Hour and a half north from me.


----------



## 2manyGuitars (Jul 6, 2009)

bobartlarry said:


> Of all the times to be out of town...
> 
> Edit: Wrong Hudson.


D’oh!
Just realized my mistake. Title fixed.


----------



## 2manyGuitars (Jul 6, 2009)

...and DAMN, talk about out of the way. I originally thought Hudson, Quebec (between Ottawa and Montreal) because that’s where most of my results were from.


----------



## Thunderboy1975 (Sep 12, 2013)

He got PM'd.


----------



## 2manyGuitars (Jul 6, 2009)

I don’t know WTF has gone on with Firebird prices recently but recent sales on Reverb are mostly in the $3k range.








They look to have been consistently at or under $2k until just over a year ago. I just searched current listings, limiting them to the 2010s decade and asking prices are mostly north of $3000.

It’s also interesting that I went to L&M to see what a new one will run you and there are zero Firebirds even listed on their site right now.


----------



## Thunderboy1975 (Sep 12, 2013)

I noticed that.😯
Im definitely buying it, made plans to meet up wednesday to give her a rip.


----------



## 2manyGuitars (Jul 6, 2009)

The Pelham Blue was a short run. When I got mine in 2018 (used), I paid more than that AND it took a while to find one.


----------



## TimH (Feb 4, 2006)

anyone wanna pick that up and trade me for a Jazzmaster lol


----------



## Skynyrds Innyrds (5 mo ago)

Thunderboy1975 said:


> I noticed that.😯
> Im definitely buying it, made plans to meet up wednesday to give her a rip.



It is a five hour trip (one way) for me...I'll race ya'.


----------



## Thunderboy1975 (Sep 12, 2013)

Skynyrds Innyrds said:


> It is a five hour trip (one way) for me...I'll race ya'.

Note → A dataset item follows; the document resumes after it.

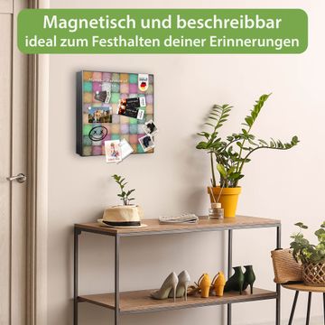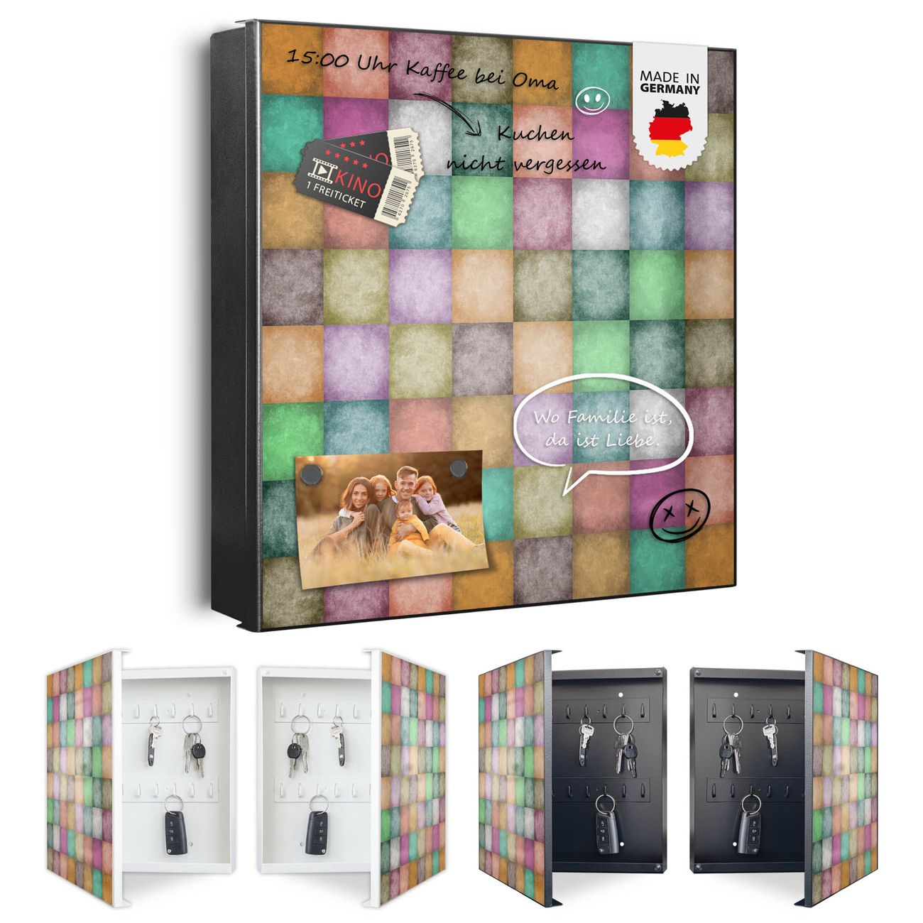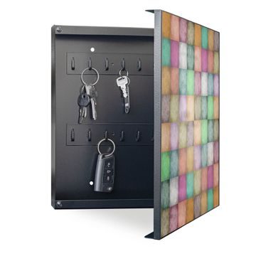 Bringe Ordnung und Eleganz in deinen Eingangsbereich mit dem banjado Schlüsselkasten Motiv Motiv Verwaschene Quadrate. Die moderne Schlüsselbox kombiniert funktionales Design mit hochwertiger Verarbeitung und wird so zu einem echten Hingucker in Flur, Büro oder Ferienwohnung. ✅ Stilvolle Schlüsselaufbewahrung mit Motiv Motiv Verwaschene Quadrate Der Design-Schlüsselkasten Motiv Motiv Verwaschene Quadrate bietet Platz für bis zu 32 Schlüssel, die auf 4 stabilen Reihen mit je 8 Haken übersichtlich verstaut werden. Mit seinen kompakten Maßen von 30 x 30 x 5 cm passt die Schlüsselbox perfekt auch in kleinere Räume. Der schwarz lackierte Stahlkorpus mit rechts angeschlagenem Türscharnier harmoniert mit gedruckten Folie auf der Front und fügt sich nahtlos in jedes Wohnambiente ein. Ob als Schlüsselorganizer für Zuhause oder als praktische Lösung für Büros, Praxen und Gewerbe, der banjado Schlüsselkasten sorgt für Ordnung und Übersicht. Dank der magnetischen, mit Kreidestiften beschreibbaren Folie auf der Front kannst du Notizen anheften oder Termine direkt auf der Oberfläche festhalten. Die Schlüsselbox Motiv Motiv Verwaschene Quadrate zur Wandmontage wird inklusive Befestigungsmaterial geliefert und ist schnell angebracht. So hast du deine Schlüssel jederzeit griffbereit und zugleich stilvoll verstaut. Mit diesem banjado Schlüsselkasten Motiv Motiv Verwaschene Quadrate kombinierst du praktische Aufbewahrung mit stilvollem Wohndesign. Ob privat oder geschäftlich, die Schlüsselbox sorgt für mehr Ordnung, Übersicht und ein wohnliches Ambiente.Vorteile im Überblick

Border agents will be on the lookout for a guy with a blue firebird trying to smuggle contraband. 😜


----------



## bobartlarry (Dec 3, 2016)

Ad says it's sold now. I hope you got it, Thunderboy. I messaged him on night one, got a reply in the morning, and when I asked about the amps he mentioned he completely ghosted me. I would've picked up Saturday. 🤷‍♂️


----------



## Thunderboy1975 (Sep 12, 2013)

I hope i got it too @bobartlarry.
I gave him my number and hoping to hear from him wednesday. Im a bit skeptical but a win for team thunderboy once its in my hands.


----------



## HeavyMetalDan (Oct 5, 2016)

A few years back, I had a Firebird in mint condition. It was very hard to sell and in the end sold it for 1500. But it was not blue , it was vintage Sunburst. They are cool guitars but it does not seem people are lined up to buy them, mine was posted for months on kijiji.


----------



## 2manyGuitars (Jul 6, 2009)

HeavyMetalDan said:


> A few years back, I had a Firebird in mint condition. It was very hard to sell and in the end sold it for 1500. But it was not blue , it was vintage Sunburst. They are cool guitars but it does not seem people are lined up to buy them, mine was posted for months on kijiji.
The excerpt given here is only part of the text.